MK. MK. - 1 year ago 46
Linux Question

command line utility to print statistics of numbers in linux

I often find myself with a file that has one number per line. I end up importing it in excel to view things like median, standard deviation and so forth.

Is there a command line utility in linux to do the same? I usually need to find the average, median, min, max and std deviation.

Answer Source

This is a breeze with R. For a file that looks like this:


Use this:

R -q -e "x <- read.csv('nums.txt', header = F); summary(x); sd(x[ , 1])"

To get this:

 Min.   : 1.00  
 1st Qu.: 3.25  
 Median : 5.50  
 Mean   : 5.50  
 3rd Qu.: 7.75  
 Max.   :10.00  
[1] 3.02765

Edit to add a couple of clarifying comments (because I came back to this and didn't remember some of the rationale):

  • The -q flag squelches R's startup licensing and help output
  • The -e flag tells R you'll be passing an expression from the terminal
  • x is a data.frame - a table, basically. It's a structure that accommodates multiple vectors/columns of data, which is a little peculiar if you're just reading in a single vector.
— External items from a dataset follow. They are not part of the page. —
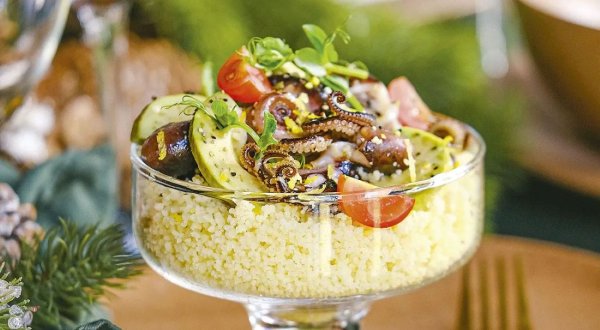 Описание: 🥣 Салат с авокадо и осьминогом📌 Нужно✔ маленьких замороженных осьминогов - 200 г✔ авокадо - 1 шт.✔ помидоры черри - 12 шт.✔ кускус - 100 г✔ сок и цедра 1 лимона✔ оливковое масло – 3 ст. л.✔ соль✔ зелень для украшения📌 Готовка➤ Осьминогов, не размораживая, положите в кастрюлю с 1,5 л холодной подсоленной воды. Поставьте на сильный огонь, доведите до кипения. Сразу же снимите с огня и оставьте на 10 мин., затем переложите в миску и остудите.➤ Лимонную цедру измельчите. Кускус залейте кипятком, подождите, пока вся жидкость не впитается. Добавьте цедру и 1 ст. л. масла, перемешайте вилкой и дайте немного остыть.➤ Авокадо очистите, нарежьте тонкими дольками, добавьте к осьминогам вместе с лимонным соком и оставшимся маслом, посолите и перемешайте.➤ Кускус разложите по креманкам, выложите смесь авокадо и осьминогов, а также разрезанные пополам помидоры черри и зелень.❗ НА ЗАМЕТКУ. Для украшения салата можно использовать ростки микрозелени, так его подача станет ещё интереснее.❗ КСТАТИ. Если в вашем распоряжении есть чуть больше времени, заправьте распаренный кускус оливковым маслом, перемешайте и поместите на 10 минут в духовку, разогретую до 200 градусов, чтобы немного подрумянить. Достаньте кускус из духовки и смешайте его с лимонной цедрой и горстью обжаренных на сухой сковороде кедровых орешков.
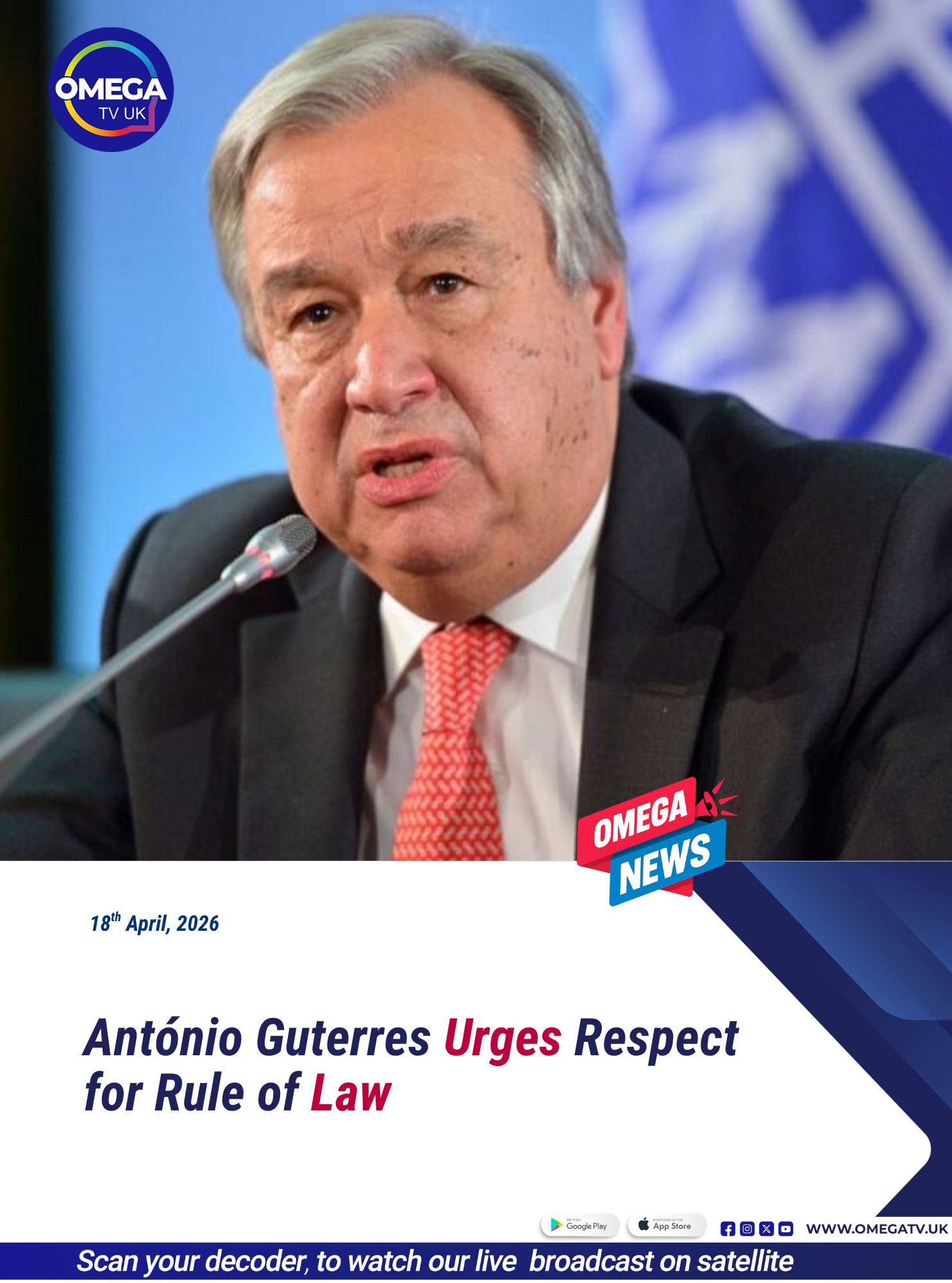 Speaking at the 80th anniversary of the International Court of Justice in The Hague, Guterres urged world leaders to recommit to the rule of law, warning that failure to do so could lead to greater instability and widespread consequences.
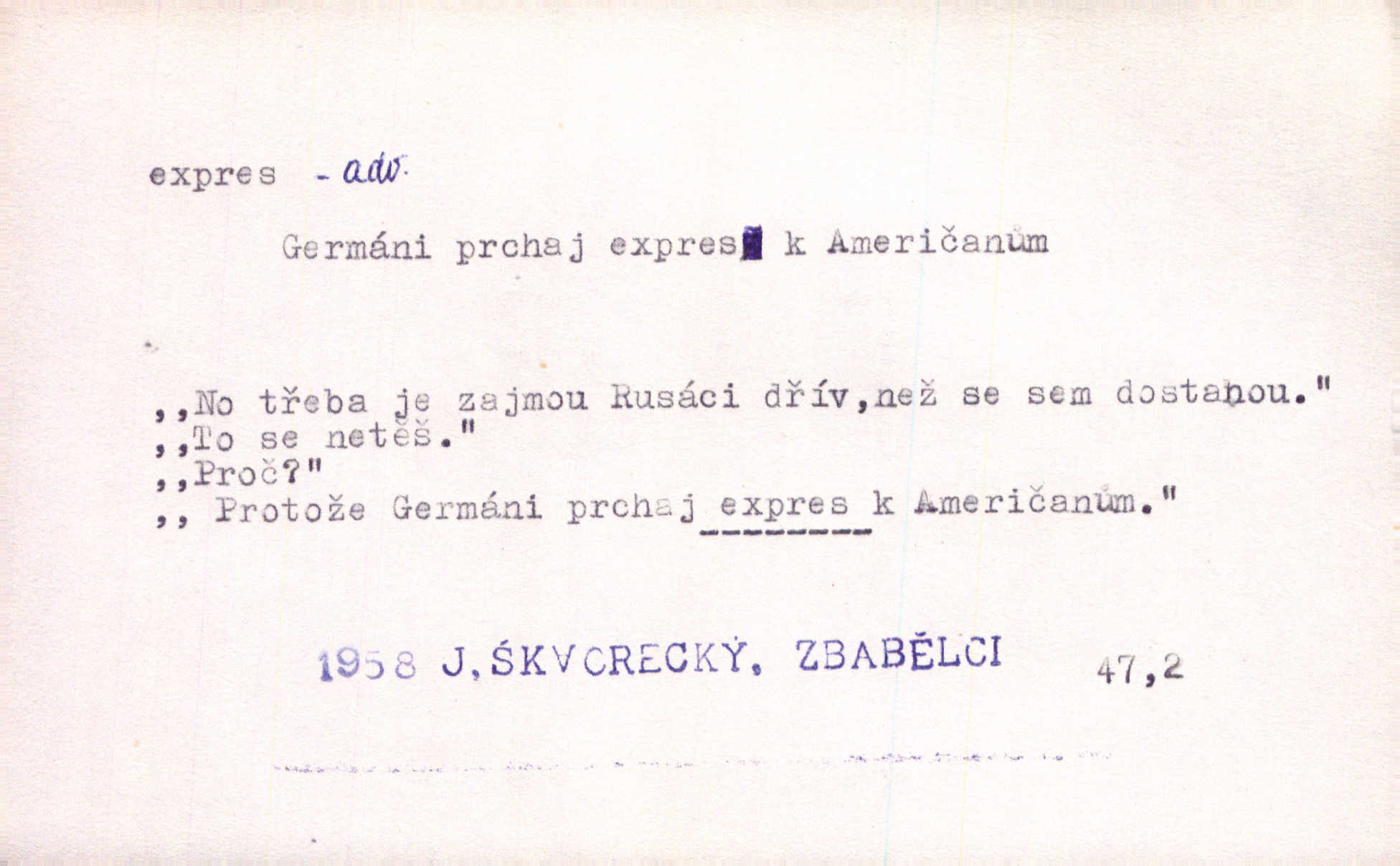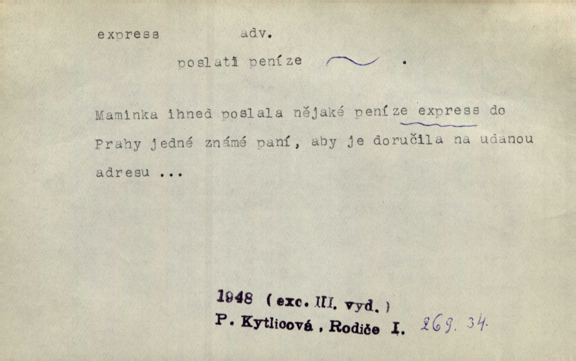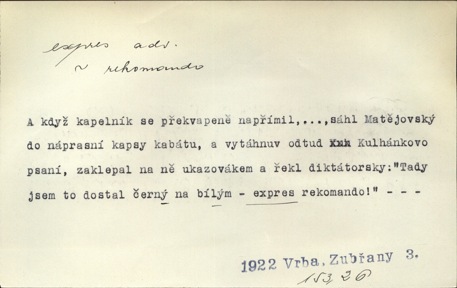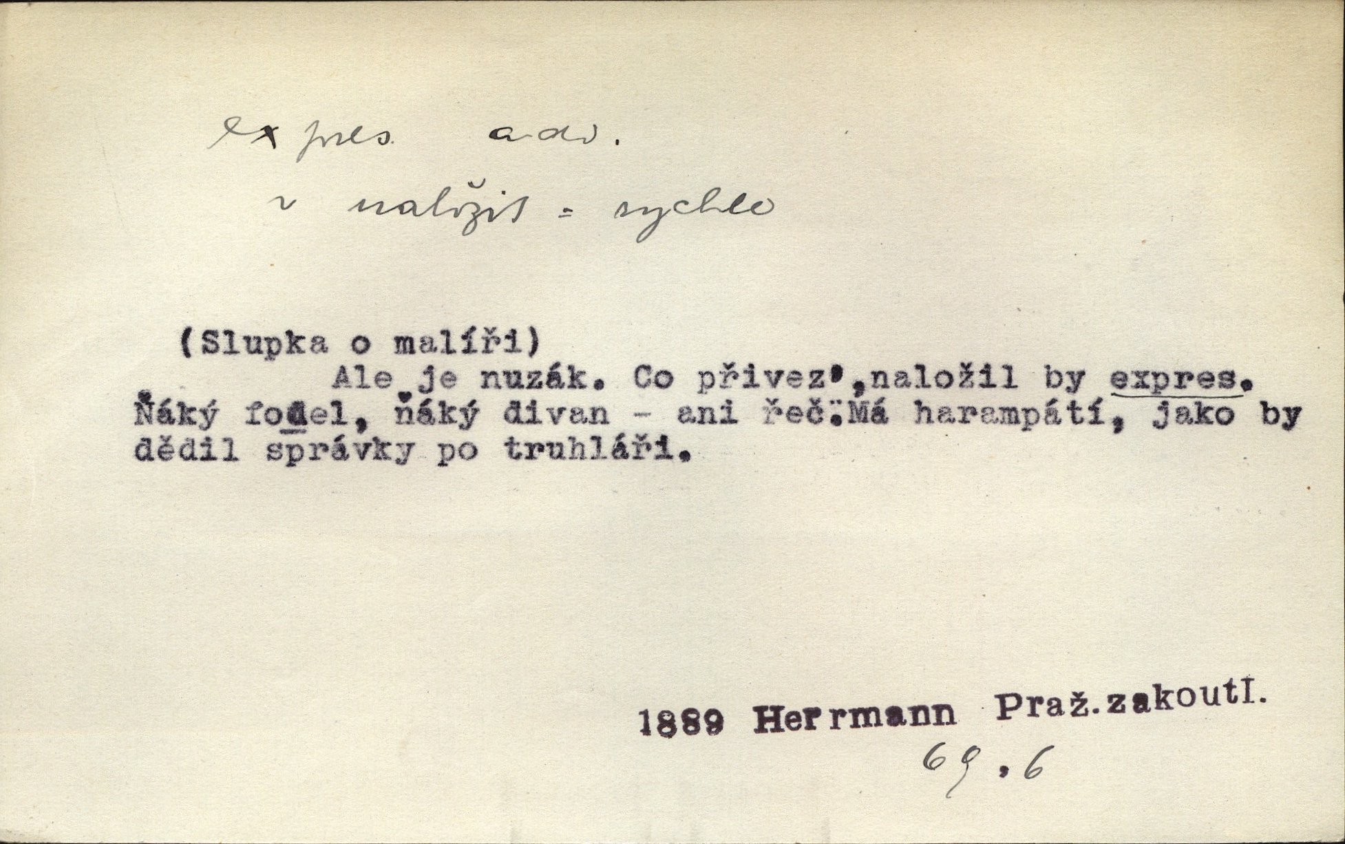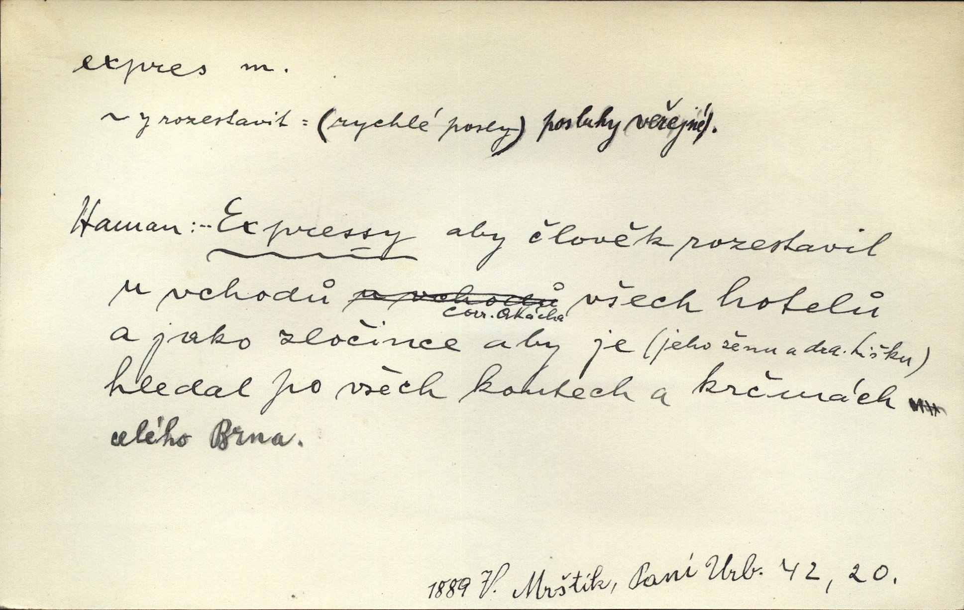 - expres adv. pošt. spěšně, jako spěšnina. Co se zdálo významnější a mělo nárok na rychlejší vyřízení, posílalo se expres. Šlej.

This has an impact on which functions you can use.
  • Some functions, like summary(), naturally accommodate data.frames. If x had multiple fields, summary() would provide the above descriptive stats for each.
  • But sd() can only take one vector at a time, which is why I index x for that command (x[ , 1] returns the first column of x). You could use apply(x, MARGIN = 2, FUN = sd) to get the SDs for all columns.